Scientists at the University of British Columbia undertook a monumental analysis of all of the information they could find on fish catches in each fishing country.  Current estimates of fish catch from the UN’s Food and Agriculture Organization depend on spotty catch reporting accumulated by fishing nations.  These official – but limited – statistics painted a picture of global marine fisheries catch peaking in 1996 at about 86 million metric tons, then falling to about 80 million tons and stabilizing there.

By supplementing the FAO statistics with deep dives into each country’s fisheries, the UBC team was able to “reconstruct” each country’s catch from 1950 to 2010.  Their new study paints a radically different picture, one that shows global fisheries catch peaking at 130 million tons in 1996 – about 50% higher than the FAO estimate – then declining rapidly after that to about 110 million tons. Perhaps more important is the decline in the availability of fish to individuals, which according to the UBC study peaked and stabilized from 1970 to 1988 – as increases in fish harvest kept up with the population boom – but has fallen consistently since, threatening the food security of the world’s poor.
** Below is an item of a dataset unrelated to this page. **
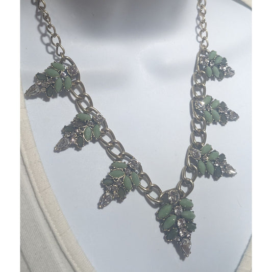 Green Gemmed Leaf Necklace

Declines in catch can result either from depleting fish populations, which can produce less and less catch as fish become less abundant, or from the imposition of catch quotas to rebuild fish populations or maintain production of yields over time.  The UBC study suggests that the imposition of quotas — while they can be very effective for individual fisheries, if incentives for complying with them are also in place–appear to have only a small impact on catches at the global scale.  When the main regions that use catch quotas are removed from the analysis, the overall catch trend is unchanged, suggesting that the main cause for declines in catch is stock depletion.
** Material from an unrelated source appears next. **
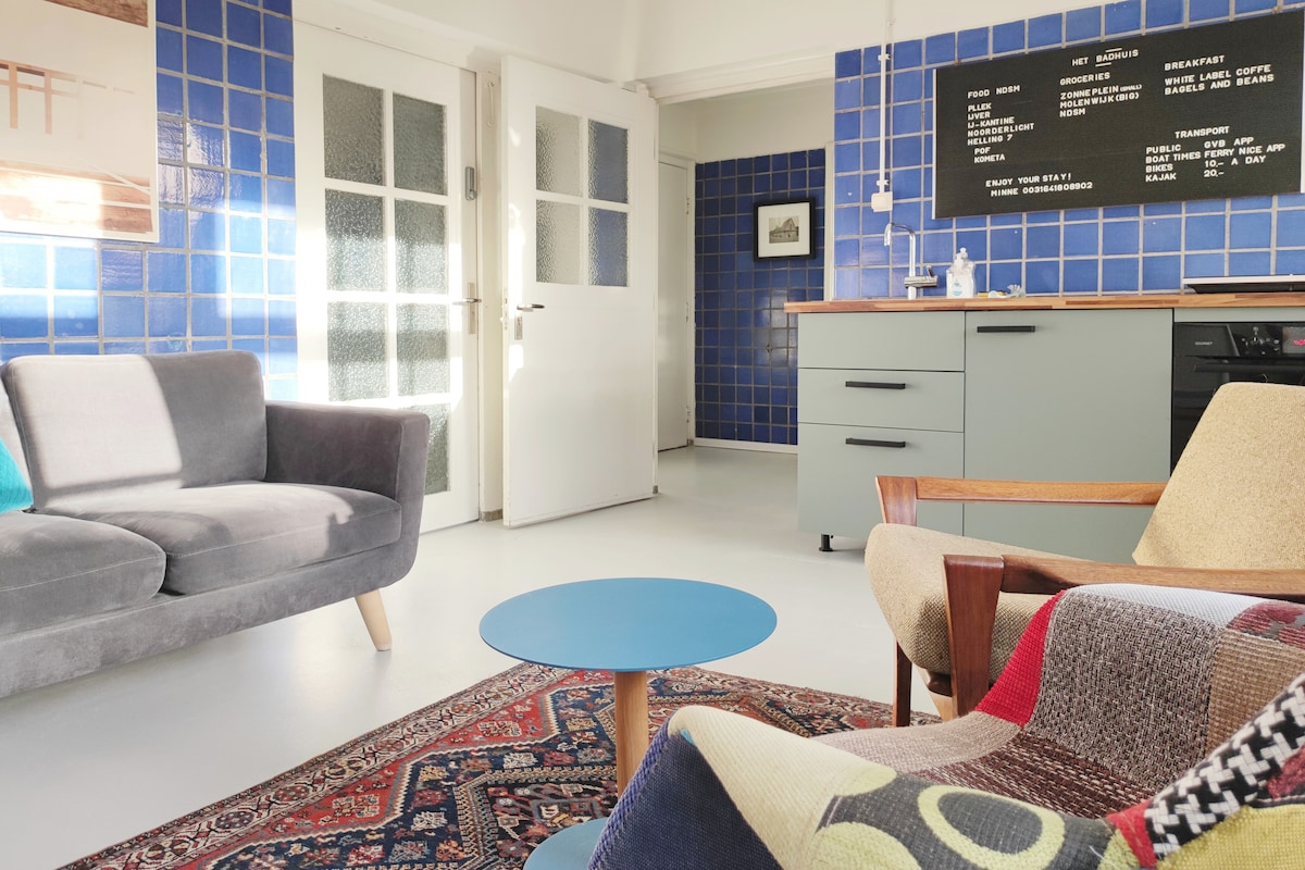 Privát lakás két nagy hálószobával, king méretű ággyal és saját fürdőszobával. A szobák között van egy nappali. Amszterdam északi részén, egy korábbi nyilvános fürdőházban található. Közel az NDSM rakparthoz. A városközpont könnyen megközelíthető tömegközlekedéssel a 35-ös busszal/52-es metróval (15 perc) vagy kerékpárral és komppal (bérelhető). Már nagyon várjuk, hogy üdvözölhessünk egyedi helyünkön

The UBC study also sheds light on three other big unknowns in the world of fisheries: how much are recreational, artisanal, and subsistence fisheries catching?

Official statistics on these types of fisheries are very few and far between, because countries focus on their larger-scale industrial fisheries.  While industrial fisheries do appear to be responsible for most (73%) of the global catch (109 million tons in 2010), artisanal fisheries –often extremely important for food security and livelihoods, especially in the developing tropics – caught about 22 million tons, or about 20% of global catch, in 2010.  Subsistence fishermen caught about 3.6 million tons in 2010 (3% of global catch).  Discards accounted for 9.6 million tons (9%) while recreational fishing added about 1 million tons (1%).

The UBC team is careful to point out that their estimates are highly uncertain and the ranges for the estimates are quite large.  However, this paper represents a major advance in our understanding of how the world’s fisheries are doing – and it is not a pretty picture.  But there is a silver lining – if global catches are indeed much higher than FAO thought, then the economic, social, and ecological benefits of reversing fisheries declines are also much greater than projected by all the studies that have been using FAO statistics.

Fortunately, we know how to do this.  Secure fishing rights have been shown to reverse declining catch trends in fisheries, while actually increasing profits for fishermen, improving safety at sea, and improving the quality of fishing jobs.  What’s needed now is to expand the fishing rights tool box to fit all of these different kinds of fisheries, make sure that they are equitable, build working examples, and spread them around the world.

This process is underway in countries like Belize and the Philippines. Belize just committed to create a national fishing rights system designed by Belizeans to suit their fisheries, dominated by small sailing vessels and skiffs.  The Philippines, worked with four communities to design their own fishing rights systems customized to coral reef ecosystems and local culture.  EDF has a plan to scale these kinds of locally-grown solutions up to the global scale, by focusing on 12 particularly important countries that together account for most of the global catch and have an outsized influence on the fisheries of many other countries.